The Platform : un festin visuel et cérébral

1019
Image extraite de La Plateforme
La Plateforme, de Galder Gaztelu-Urrutia

Notre critique de The Platform

Je n’avais pas envie de regarder The Platform. On en disait que du bien, or je me méfie instinctivement de ce genre d’unanimisme. En général, c’est mauvais signe quand tous les critiques autorisés tombent d’accord – eux qui sont si prompts à encenser des films, même mauvais, pourvu qu’ils cochent toutes les cases du politiquement correct. Je me méfiais d’autant plus de ce film que tous louaient sa « satyre sociale féroce » (les satyres sociales sont toujours, forcément « féroces », ne me demandez pas pourquoi).

« Satyre sociale », dans mon dictionnaire des lieux communs, veut dire « film chiant et moralisateur de gauche » (notez qu’un film chiant et moralisateur « de droite » ne vaudrait pas mieux, mais je n’en ai pas encore vu). Pourtant, dans un grand moment de désœuvrement comme n’en connaissent que les millenials qui font leur « crise du quart de vie » (ne rigolez pas, ça a une entrée sur Wikipédia donc c’est sérieux), je me suis dit « Pourquoi ne pas me faire du mal ? » et j’ai regardé The Platform. Et j’ai adoré.

Plus qu’une critique attendue de la société de consommation

The Platform suit la descente aux enfers quasi littérale d’un étudiant qui s’enferme volontairement dans « la fosse » : une sorte de prison verticale où les détenus sont approvisionnés en nourriture grâce à une plateforme en lévitation qui descend à travers chaque cellule. Évidemment, les prisonniers des cellules du haut en profitent pour se goinfrer comme de sagouins et ne rien laisser à ceux des cellules du bas, alors que la plateforme contient théoriquement assez de nourriture pour tous. Comme tout bon proto-communiste qui se respecte, notre étudiant va forcer tout ce beau monde à être solidaire, à coup de barre de fer dans la mâchoire si nécessaire.

Alors, vous la voyez venir, la critique à la tractopelle de la société de consommation ? En fait, le film s’est avéré plus subtil que ce que le synopsis et les critiques me laissaient craindre. Évidemment, The Platform dénonce l’égoïsme humain, mais sa fin mystérieuse et allégorique libère de l’espace pour l’interprétation personnelle. Au lieu de servir du commentaire social à la grosse louche, le film met le protagoniste dans des situations moralement difficiles, forçant le spectateur à se demander ce qu’il ferait à sa place, tout en prenant soin de ne pas imposer de réponse univoque.

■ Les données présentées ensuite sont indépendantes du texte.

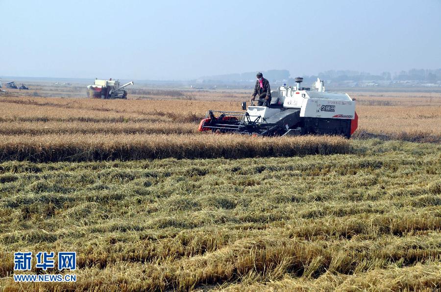 10月6日,位于黑龙江省北安市的黑龙江垦区建设农场水稻管理区种植户在田间收获水稻。当前,黑龙江垦区水稻、玉米、大豆正处于收获期,各农场种植户利用晴好天气,组织机械力量加紧收割,确保颗粒归仓,高质量完成秋收生产。新华社发(周良君 摄)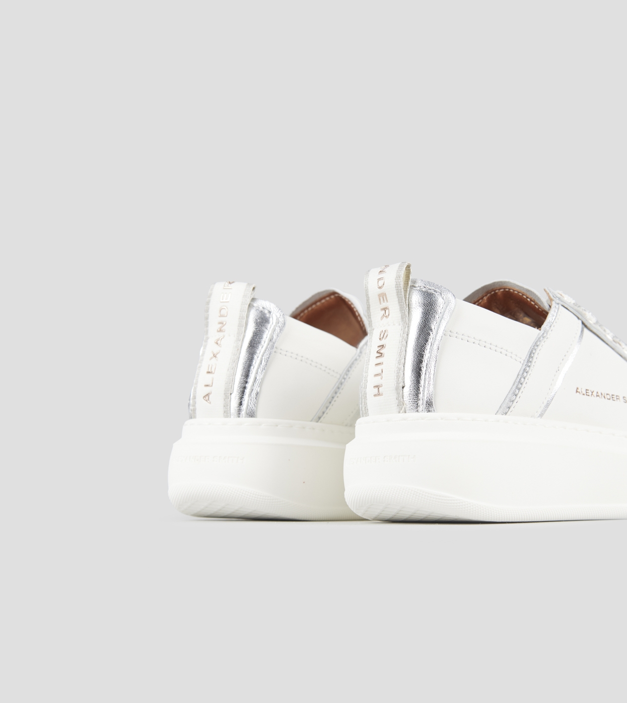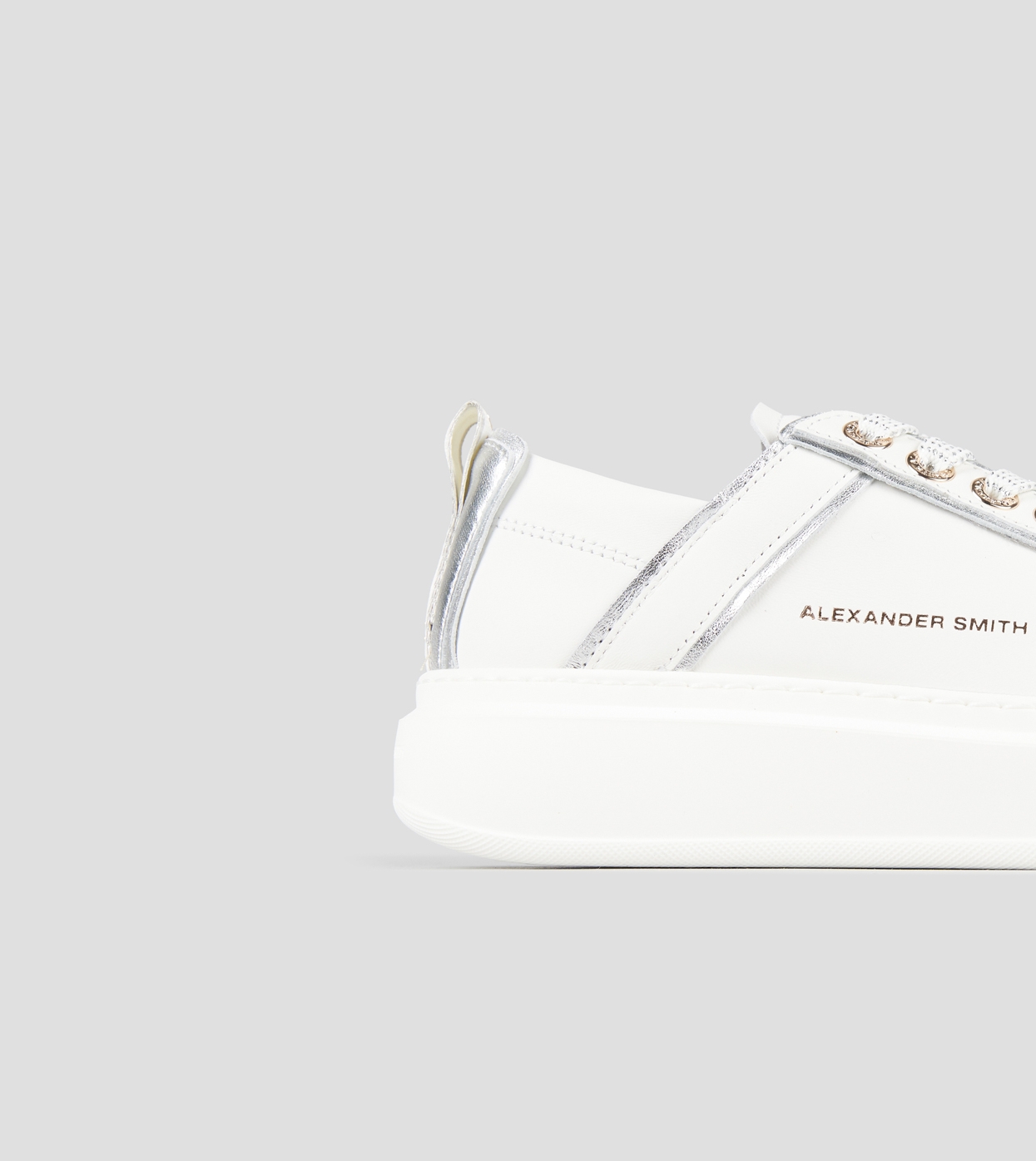 Wembley Donna Decostruita in pelle bianca e dettagli in laminato argento

Miam, bon appétit ! Source : La Plateforme, de Galder Gaztelu-Urrutia

Le décor épuré de la fosse et la photographie léchée créent une ambiance à la fois irréelle et crue, parfaite pour un film qui alternent les gros plans dégoûtants sur la nourriture dévastée, les explosions de violence pure et les crises hallucinatoires. The Platform est une œuvre sombre, traversée de fulgurances poétiques, mais où pointe ultimement une lueur d’espoir. À regarder sans plus attendre.